Exercise instructions: Work out the count of lines in the listing below that include "from". Give that count alone.

Given records:

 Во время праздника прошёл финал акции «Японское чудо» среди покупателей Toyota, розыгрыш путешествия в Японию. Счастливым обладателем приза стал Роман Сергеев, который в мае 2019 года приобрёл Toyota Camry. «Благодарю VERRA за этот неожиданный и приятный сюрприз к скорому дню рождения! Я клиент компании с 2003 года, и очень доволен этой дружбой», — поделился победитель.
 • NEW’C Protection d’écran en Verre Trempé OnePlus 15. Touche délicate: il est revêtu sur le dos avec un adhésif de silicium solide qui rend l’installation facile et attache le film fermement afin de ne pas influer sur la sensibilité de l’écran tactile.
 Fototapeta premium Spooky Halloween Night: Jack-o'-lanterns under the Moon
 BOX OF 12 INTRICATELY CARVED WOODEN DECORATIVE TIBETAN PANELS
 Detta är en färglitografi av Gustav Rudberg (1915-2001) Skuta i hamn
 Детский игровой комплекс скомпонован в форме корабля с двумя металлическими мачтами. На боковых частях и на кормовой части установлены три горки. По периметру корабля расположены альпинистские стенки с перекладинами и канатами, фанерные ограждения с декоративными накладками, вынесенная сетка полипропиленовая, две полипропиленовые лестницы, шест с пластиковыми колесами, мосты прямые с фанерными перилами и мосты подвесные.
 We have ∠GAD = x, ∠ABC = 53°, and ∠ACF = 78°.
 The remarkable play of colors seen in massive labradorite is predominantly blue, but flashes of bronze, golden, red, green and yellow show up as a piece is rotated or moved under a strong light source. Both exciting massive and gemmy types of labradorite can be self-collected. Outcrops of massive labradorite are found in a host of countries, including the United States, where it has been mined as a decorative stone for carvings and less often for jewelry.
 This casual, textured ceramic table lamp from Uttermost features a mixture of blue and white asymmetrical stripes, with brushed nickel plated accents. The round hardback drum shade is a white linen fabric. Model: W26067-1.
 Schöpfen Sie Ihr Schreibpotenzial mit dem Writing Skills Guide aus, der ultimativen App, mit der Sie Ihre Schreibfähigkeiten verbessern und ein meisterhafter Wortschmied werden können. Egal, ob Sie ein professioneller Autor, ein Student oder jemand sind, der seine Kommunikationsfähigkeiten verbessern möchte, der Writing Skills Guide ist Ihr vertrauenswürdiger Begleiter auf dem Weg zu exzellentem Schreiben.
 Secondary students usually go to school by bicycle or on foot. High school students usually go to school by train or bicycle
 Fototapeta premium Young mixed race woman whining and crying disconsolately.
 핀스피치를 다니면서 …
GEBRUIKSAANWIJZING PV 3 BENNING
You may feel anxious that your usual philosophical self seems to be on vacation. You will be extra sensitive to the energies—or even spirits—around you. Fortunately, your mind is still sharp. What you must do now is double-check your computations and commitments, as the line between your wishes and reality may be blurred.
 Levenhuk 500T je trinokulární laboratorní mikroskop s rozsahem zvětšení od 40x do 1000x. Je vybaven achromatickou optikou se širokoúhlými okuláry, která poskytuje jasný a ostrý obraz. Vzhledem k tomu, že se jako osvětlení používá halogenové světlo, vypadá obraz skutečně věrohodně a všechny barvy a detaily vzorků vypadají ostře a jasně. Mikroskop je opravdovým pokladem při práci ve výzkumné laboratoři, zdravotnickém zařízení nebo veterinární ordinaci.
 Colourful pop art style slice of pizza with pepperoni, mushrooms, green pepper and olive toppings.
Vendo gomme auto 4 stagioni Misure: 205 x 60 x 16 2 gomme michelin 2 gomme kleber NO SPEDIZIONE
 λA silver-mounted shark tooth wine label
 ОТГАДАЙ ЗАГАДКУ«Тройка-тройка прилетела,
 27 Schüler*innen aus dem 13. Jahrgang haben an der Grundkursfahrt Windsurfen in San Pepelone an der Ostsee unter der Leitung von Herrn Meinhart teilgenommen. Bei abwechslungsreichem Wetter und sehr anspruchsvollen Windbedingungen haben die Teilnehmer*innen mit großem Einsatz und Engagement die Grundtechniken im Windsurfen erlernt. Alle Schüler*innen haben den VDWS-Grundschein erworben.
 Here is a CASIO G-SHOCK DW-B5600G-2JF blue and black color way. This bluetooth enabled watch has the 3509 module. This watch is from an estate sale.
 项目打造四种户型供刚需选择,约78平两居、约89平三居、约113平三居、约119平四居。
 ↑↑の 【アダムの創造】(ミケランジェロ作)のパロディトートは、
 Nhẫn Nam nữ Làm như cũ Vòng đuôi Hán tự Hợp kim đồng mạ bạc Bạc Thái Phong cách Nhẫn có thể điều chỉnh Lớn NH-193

Exercise output: 2